Partai Islam seharusnya bisa menjadi tauladan bagi partai lainnya, karena pada hakekatnya Islam itu merupakan agama rahmatanlilalamin, rahmat bagi semesta alam. Pimpinan partai Islam juga harus memiliki sifat dasar kepemimpinan yang dimiliki oleh Nabi Muhammad SAW, yaitu siddiq, amanah, fathonah dan tabligh. Namun, dalam kenyataanya malah para pimpinan partai Islam menjadi tersangka kasus korupsi. Ini berarti sudah melenceng dari pada ajaran Islam itu sendiri. Hal seperti itulah yang membuat umat Islam apatis terhadap partai Islam, karena tidak memperlihatkan dan mengaplikasikan nilai-nilai keislaman dalam menjalankan tugas dan fungsinya.
Pemilu 2014 merupakan pemilu yang berat bagi partai politik Islam. Banyak hal yang masih perlu dilakukan oleh partai Islam untuk meningkatkan popularitas dan elektabilitas partai. Langkah awalnya adalah dengan memperbaiki sistem kaderisasi/rekrutmen capres dan cawapres partai Islam, sehingga mampu memunculkan sosok yang bisa diterima oleh semua kalangan, kedua, menerapkan dan menjunjung tinggi nilai-nilai keislaman, tanpa adanya diskriminasi terhadap kepercayaan lainnya, ketiga, menjalin komunikasi dan kerjasama dengan ormas Islam, seperti Muhammadiyah dan NU.
Apabila hal tersebut masih belum mampu mendongkrak suara partai Islam, maka dibutuhkan adanya unifikasi partai Islam. Dalam artian, partai Islam yang berjumlah lima partai (ditambah PBB) menyatu menjadi satu. Ini dimaksud supaya partai Islam tersebut benar-benar bisa dinilai kinerjanya oleh publik, sehingga pada pemilu 2019 yang sudah menerapkan pemilu serentak, partai Islam bisa memunculkan capres dan cawapres yang benar-benar mampu diterima oleh semua kalangan.

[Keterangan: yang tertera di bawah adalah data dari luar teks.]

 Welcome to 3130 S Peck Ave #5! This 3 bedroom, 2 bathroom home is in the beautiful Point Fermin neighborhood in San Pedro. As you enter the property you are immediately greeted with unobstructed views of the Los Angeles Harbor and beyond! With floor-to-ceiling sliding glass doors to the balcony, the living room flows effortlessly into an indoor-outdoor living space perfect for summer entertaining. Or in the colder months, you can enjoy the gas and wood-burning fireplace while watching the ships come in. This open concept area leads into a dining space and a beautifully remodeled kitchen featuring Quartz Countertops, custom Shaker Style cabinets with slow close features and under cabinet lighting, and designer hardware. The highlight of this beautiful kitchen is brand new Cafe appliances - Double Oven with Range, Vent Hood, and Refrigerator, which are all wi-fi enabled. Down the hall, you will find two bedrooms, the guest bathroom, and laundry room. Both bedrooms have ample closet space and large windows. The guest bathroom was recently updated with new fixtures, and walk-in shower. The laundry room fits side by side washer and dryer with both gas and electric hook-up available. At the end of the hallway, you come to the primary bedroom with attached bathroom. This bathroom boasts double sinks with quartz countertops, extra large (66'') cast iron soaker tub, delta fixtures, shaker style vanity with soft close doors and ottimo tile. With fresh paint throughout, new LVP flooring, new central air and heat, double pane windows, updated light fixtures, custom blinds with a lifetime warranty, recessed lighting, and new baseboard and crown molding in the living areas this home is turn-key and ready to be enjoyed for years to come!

Dan langkah terakhir yang bisa menyelamatkan partai Islam adalah dengan adanya konsesus untuk mendukung satu pasangan capres dan cawapres. Dengan catatan, capres dan cawapres harus memiliki track record yang baik di mata pemeluk Islam khususnya dan rakyat Indonesia pada umumnya.


[1] Diajukan dalam seleksi Debat Antar Mahasiswa Islamic Book Fair 2014
[2] “Ini Tujuan Pemira PKS Kata Anis Matta (20/02/2014)”, Tribunnews.com, diakses tanggal 18 Februari 2014.

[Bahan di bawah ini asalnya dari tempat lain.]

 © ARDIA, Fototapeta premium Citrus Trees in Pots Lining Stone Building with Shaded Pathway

[3] “3 Besar Capres PKS Hasil Musyawarah Majelis Syuro (01/02/2014)”, kabarpemiludepok.com, diakses tanggal 18 Februari 2014.
[4] “Pemilu 2014 Momentum PKS Dongkrak Citra Positif (24/01/2014)”, Tribunnews.com, diakses tanggal 18 Februari 2014.
[5] “Pemilu 2014 dan Masa Depan Partai Islam (10/12/2012), sinarharapan.co, diakses tanggal 18 Februari 2014.
[6] Tinjauan Kompas, “Menatap Indonesia 2014”, (Jakarta: PT. Kompas Media Nusantara, 2014), 116.
[7] Sumber: Data BPS, “ Sensus Penduduk 2010”.
[8] “Pemilu 2014 dan Masa Depan Partai Islam (10/12/2012), sinarharapan.co, diakses tanggal 18 Februari 2014.
[9] Dr. Adi Sujatno, S.H., M.H dan Drs Asep Suhendar, M.Si, “Konsep Ideal Kepemimpinan Nasional Nusantara, Menjawab Tantangan Global”, (Jakarta: PT. Yellow Multi Media, 2013), 122-123.
[10] Rizal Sukma dalam Problems of Democratisation in Indonesia: Elections, Institutions and Society (Aspinall and Mietzner, 2010).